*ABOUT THIS EXERCISE*: Would you repeat word for word the lines of the listing that follows, from the one with "In Dominus, choose" up to and including the one with "trong đoạn mạch.", and leave out the images?

*EXERCISE MATERIALS*:
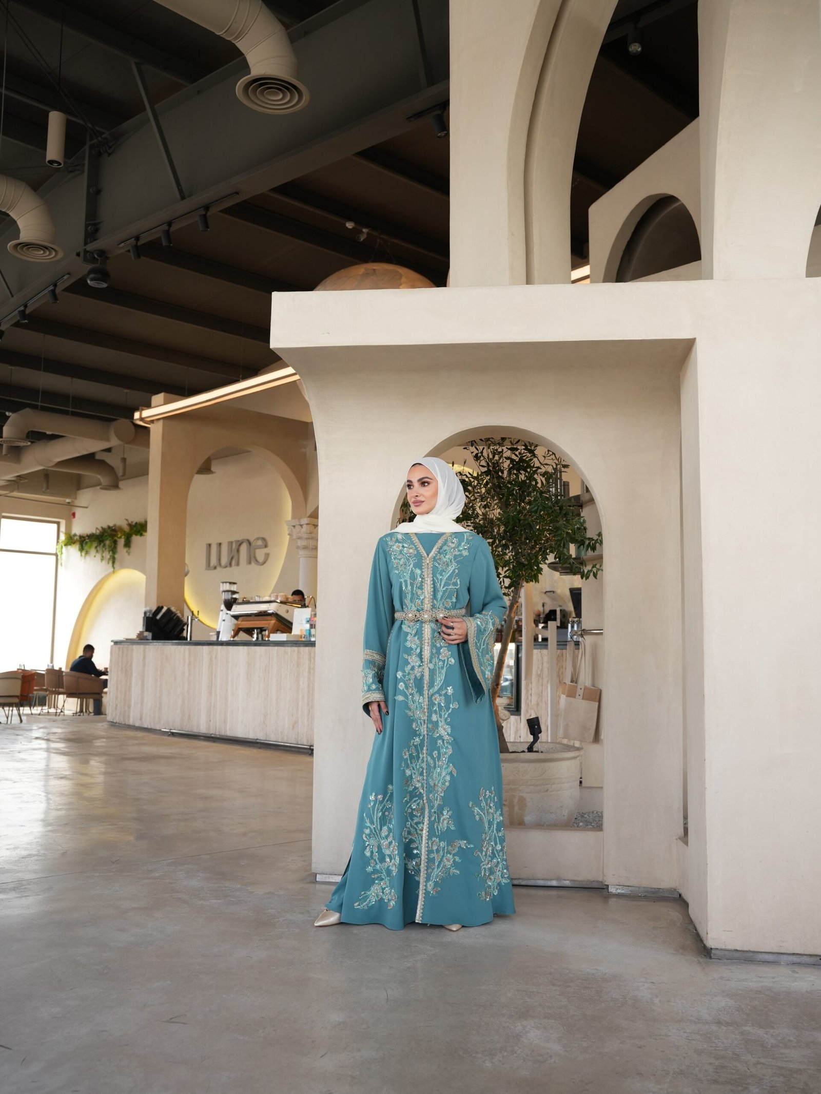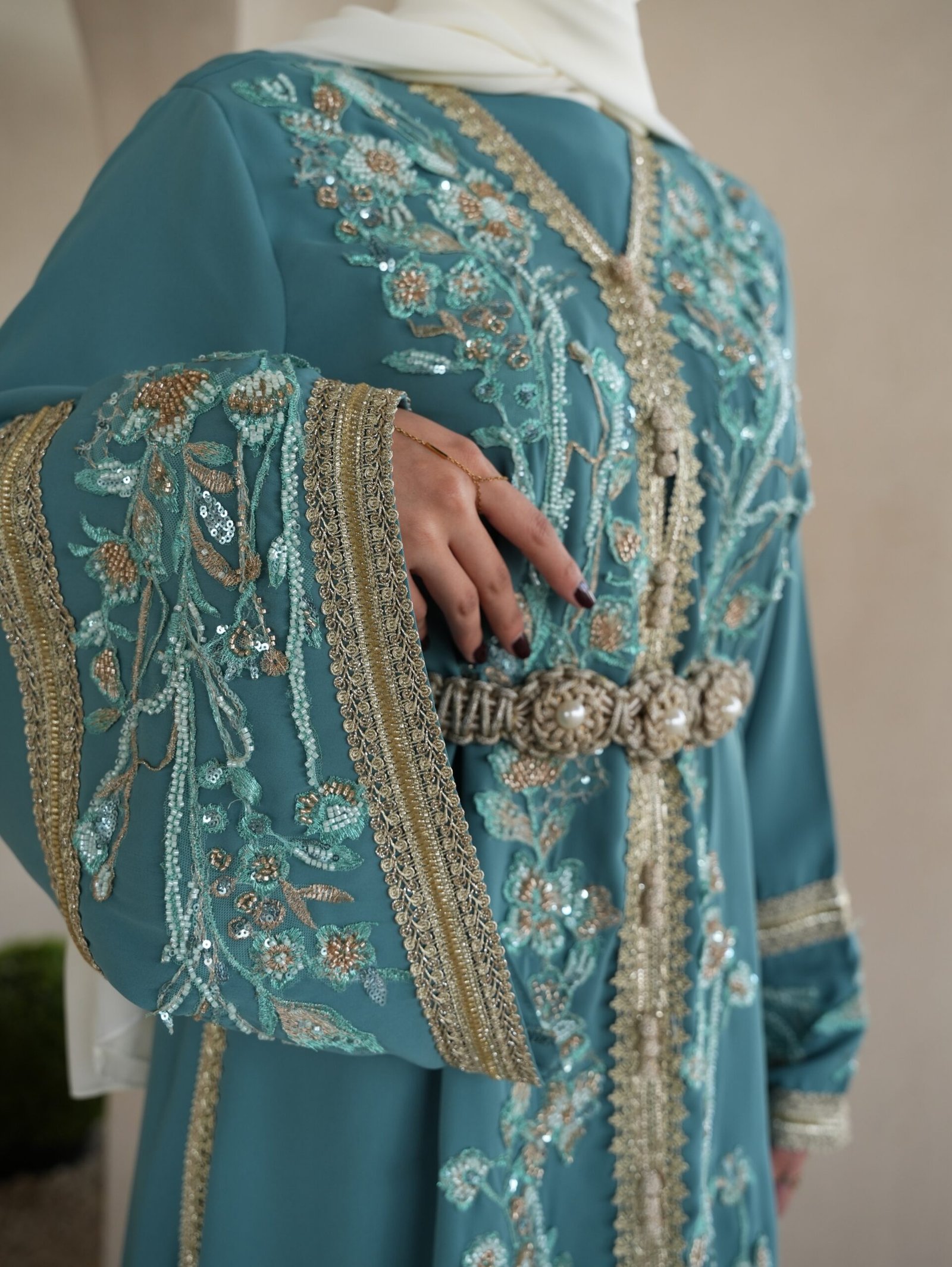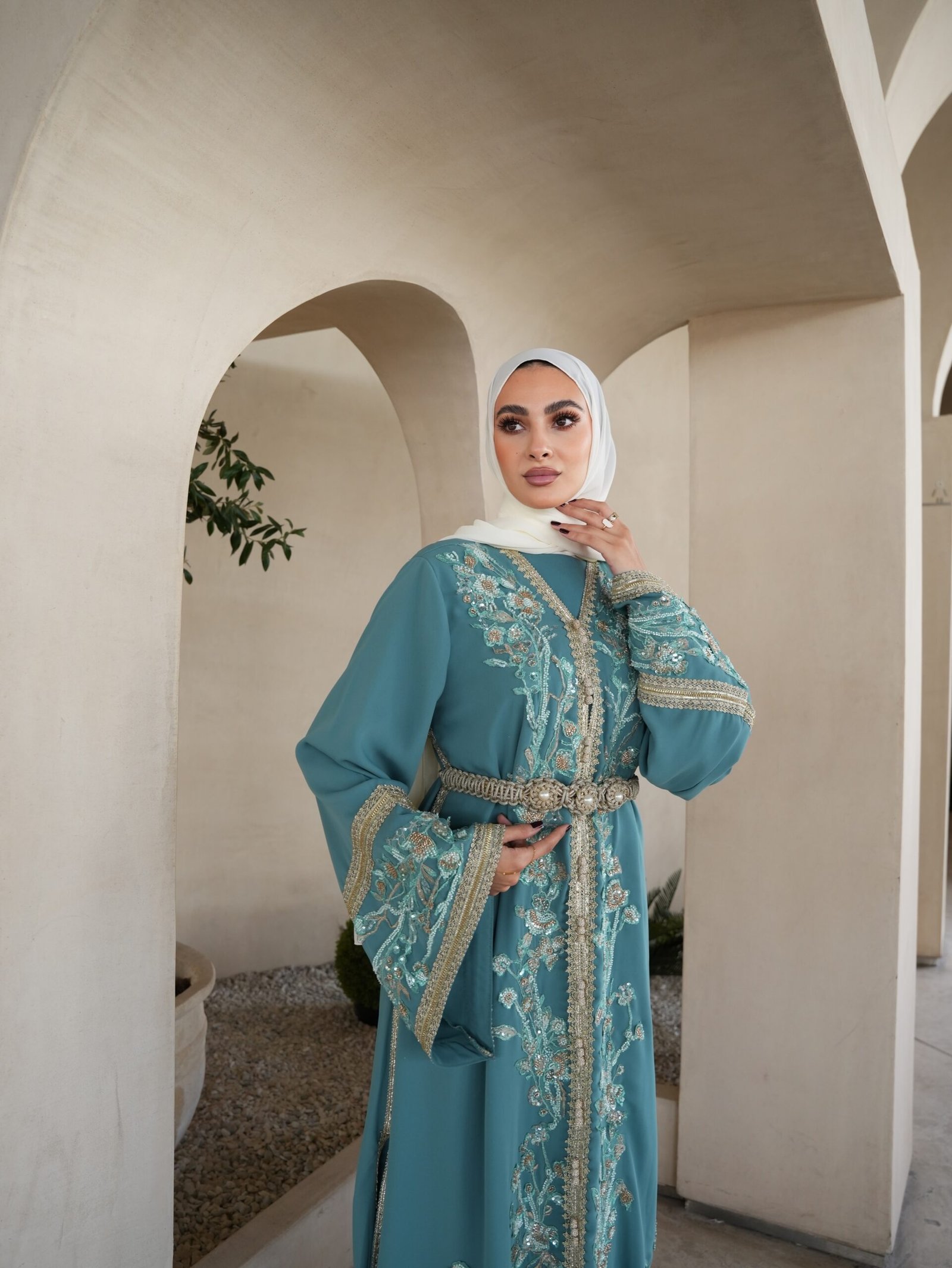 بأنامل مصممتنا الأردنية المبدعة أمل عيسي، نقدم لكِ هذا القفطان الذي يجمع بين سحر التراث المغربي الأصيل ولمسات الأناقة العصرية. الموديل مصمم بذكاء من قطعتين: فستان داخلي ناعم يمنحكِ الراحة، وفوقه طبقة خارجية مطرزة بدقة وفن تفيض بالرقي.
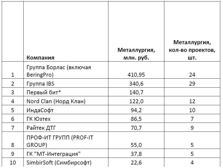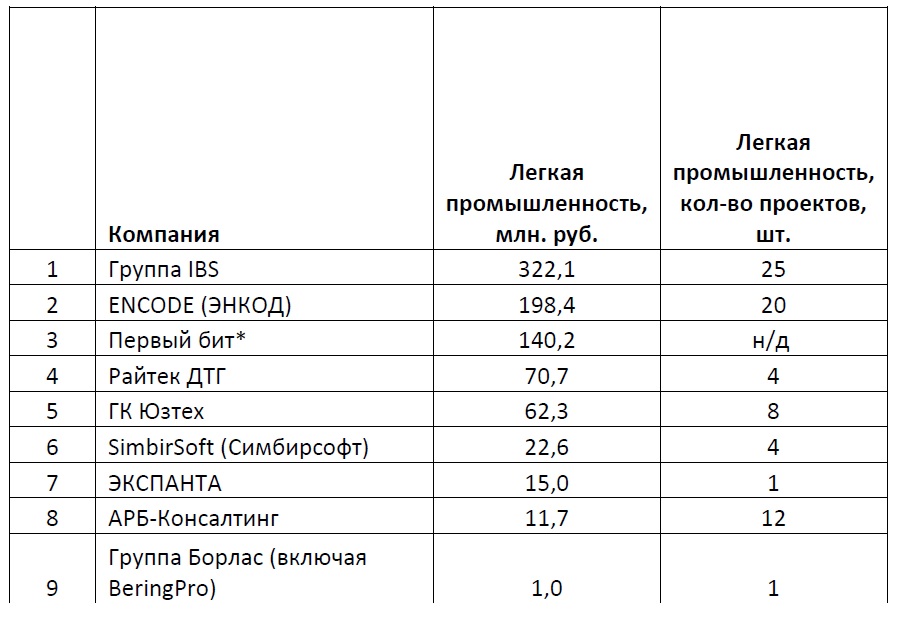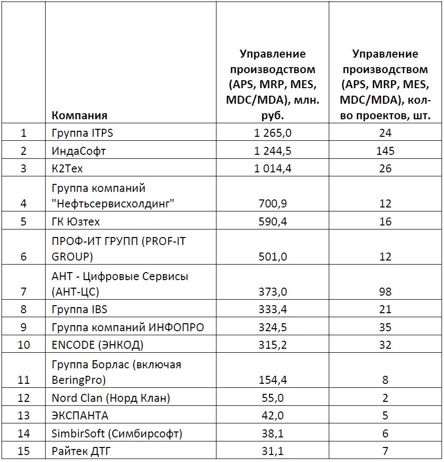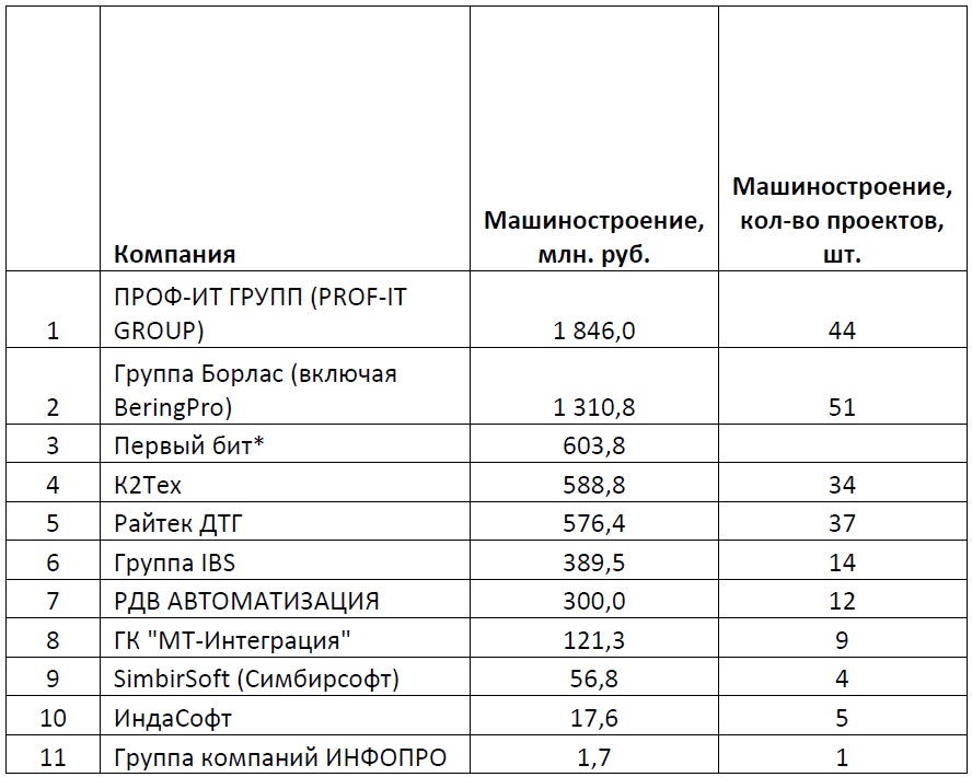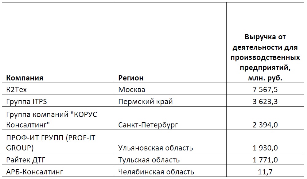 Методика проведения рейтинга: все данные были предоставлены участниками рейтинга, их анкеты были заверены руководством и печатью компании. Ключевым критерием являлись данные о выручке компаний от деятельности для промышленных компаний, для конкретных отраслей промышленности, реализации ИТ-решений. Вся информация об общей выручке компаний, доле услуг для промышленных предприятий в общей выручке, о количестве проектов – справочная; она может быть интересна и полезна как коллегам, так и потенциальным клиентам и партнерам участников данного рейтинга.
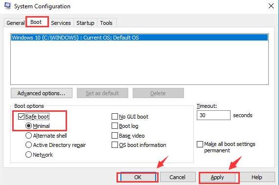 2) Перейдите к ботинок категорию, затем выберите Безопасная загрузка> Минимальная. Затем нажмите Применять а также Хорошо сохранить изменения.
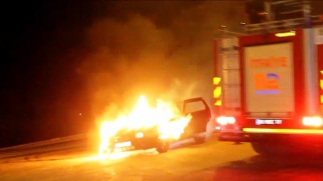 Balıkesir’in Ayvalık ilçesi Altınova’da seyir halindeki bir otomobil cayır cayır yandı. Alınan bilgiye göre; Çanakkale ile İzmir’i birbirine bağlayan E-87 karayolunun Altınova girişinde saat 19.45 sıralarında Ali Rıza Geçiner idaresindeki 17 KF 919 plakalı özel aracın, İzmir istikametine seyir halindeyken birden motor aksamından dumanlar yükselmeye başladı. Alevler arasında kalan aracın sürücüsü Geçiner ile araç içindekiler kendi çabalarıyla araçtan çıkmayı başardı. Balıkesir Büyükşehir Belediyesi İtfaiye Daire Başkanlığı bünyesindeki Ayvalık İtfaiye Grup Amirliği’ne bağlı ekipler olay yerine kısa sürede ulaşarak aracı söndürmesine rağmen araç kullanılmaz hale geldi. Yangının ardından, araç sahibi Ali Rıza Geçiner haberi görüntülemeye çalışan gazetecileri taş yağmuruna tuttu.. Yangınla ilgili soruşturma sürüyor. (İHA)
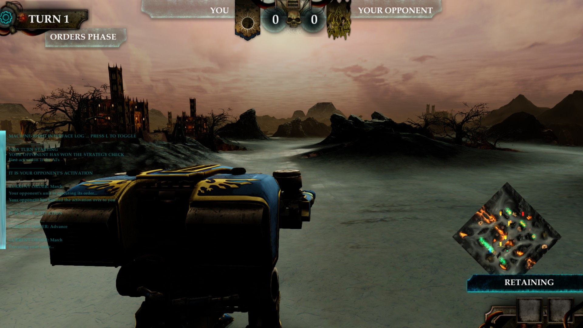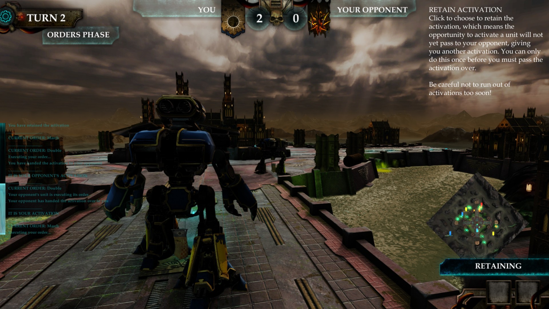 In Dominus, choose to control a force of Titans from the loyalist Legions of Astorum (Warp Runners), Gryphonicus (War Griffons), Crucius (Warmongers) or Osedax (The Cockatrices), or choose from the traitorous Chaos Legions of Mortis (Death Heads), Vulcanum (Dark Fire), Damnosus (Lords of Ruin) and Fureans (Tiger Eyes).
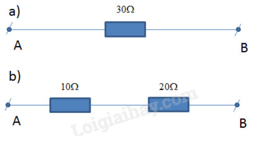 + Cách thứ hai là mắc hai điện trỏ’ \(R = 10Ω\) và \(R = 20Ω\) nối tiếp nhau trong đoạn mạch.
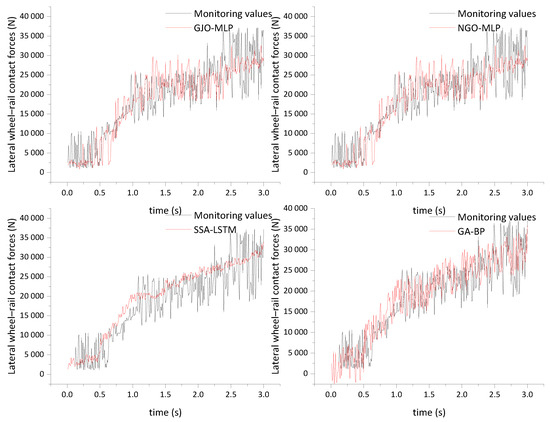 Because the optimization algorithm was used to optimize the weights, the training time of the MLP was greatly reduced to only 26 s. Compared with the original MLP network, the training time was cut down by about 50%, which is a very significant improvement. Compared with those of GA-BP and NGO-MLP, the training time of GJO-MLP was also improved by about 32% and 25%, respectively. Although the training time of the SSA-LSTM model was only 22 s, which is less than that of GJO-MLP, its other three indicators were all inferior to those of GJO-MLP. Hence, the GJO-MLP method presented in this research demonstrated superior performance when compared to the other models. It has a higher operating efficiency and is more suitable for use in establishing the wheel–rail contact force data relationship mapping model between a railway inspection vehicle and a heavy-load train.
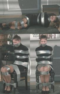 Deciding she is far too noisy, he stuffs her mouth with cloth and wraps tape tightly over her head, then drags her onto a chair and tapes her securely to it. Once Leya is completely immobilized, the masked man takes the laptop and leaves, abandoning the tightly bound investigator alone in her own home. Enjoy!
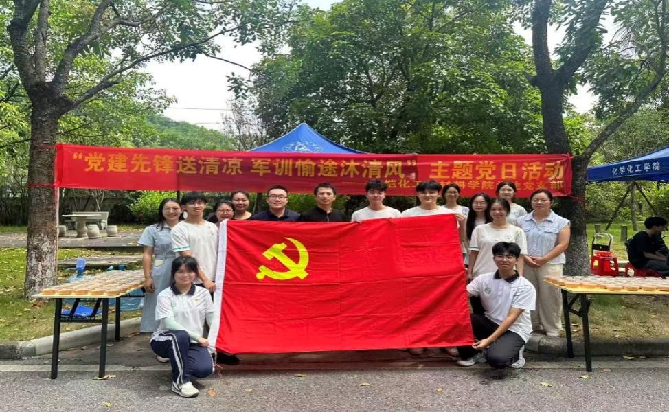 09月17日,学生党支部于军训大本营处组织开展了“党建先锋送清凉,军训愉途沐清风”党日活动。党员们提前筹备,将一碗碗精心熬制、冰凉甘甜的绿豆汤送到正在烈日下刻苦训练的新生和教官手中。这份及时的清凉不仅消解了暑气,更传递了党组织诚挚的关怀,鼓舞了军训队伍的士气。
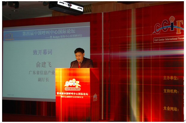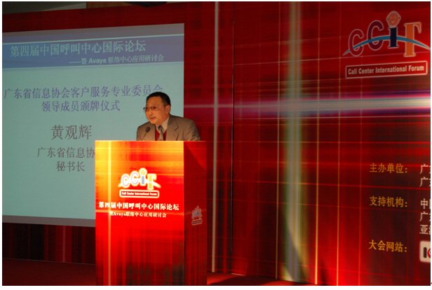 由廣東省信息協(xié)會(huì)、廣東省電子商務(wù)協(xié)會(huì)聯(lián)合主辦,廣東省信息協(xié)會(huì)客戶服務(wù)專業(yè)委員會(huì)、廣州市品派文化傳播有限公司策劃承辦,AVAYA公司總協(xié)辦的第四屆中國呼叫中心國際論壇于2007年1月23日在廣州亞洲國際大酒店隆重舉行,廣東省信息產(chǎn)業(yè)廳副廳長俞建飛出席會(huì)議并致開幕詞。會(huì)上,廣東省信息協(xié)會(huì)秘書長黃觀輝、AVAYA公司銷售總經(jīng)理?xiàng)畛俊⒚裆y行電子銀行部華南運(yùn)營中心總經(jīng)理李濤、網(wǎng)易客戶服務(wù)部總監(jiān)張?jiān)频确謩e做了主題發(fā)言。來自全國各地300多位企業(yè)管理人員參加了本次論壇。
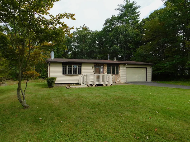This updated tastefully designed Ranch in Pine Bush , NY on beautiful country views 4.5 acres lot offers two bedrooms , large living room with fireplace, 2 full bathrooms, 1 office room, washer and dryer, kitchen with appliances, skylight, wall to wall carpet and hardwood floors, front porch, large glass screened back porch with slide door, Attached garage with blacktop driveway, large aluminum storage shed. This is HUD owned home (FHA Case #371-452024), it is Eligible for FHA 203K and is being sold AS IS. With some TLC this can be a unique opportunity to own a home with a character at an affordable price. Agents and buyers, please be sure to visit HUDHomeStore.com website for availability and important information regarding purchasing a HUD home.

*ANSWER AREA*:
 In Dominus, choose to control a force of Titans from the loyalist Legions of Astorum (Warp Runners), Gryphonicus (War Griffons), Crucius (Warmongers) or Osedax (The Cockatrices), or choose from the traitorous Chaos Legions of Mortis (Death Heads), Vulcanum (Dark Fire), Damnosus (Lords of Ruin) and Fureans (Tiger Eyes).
 + Cách thứ hai là mắc hai điện trỏ’ \(R = 10Ω\) và \(R = 20Ω\) nối tiếp nhau trong đoạn mạch.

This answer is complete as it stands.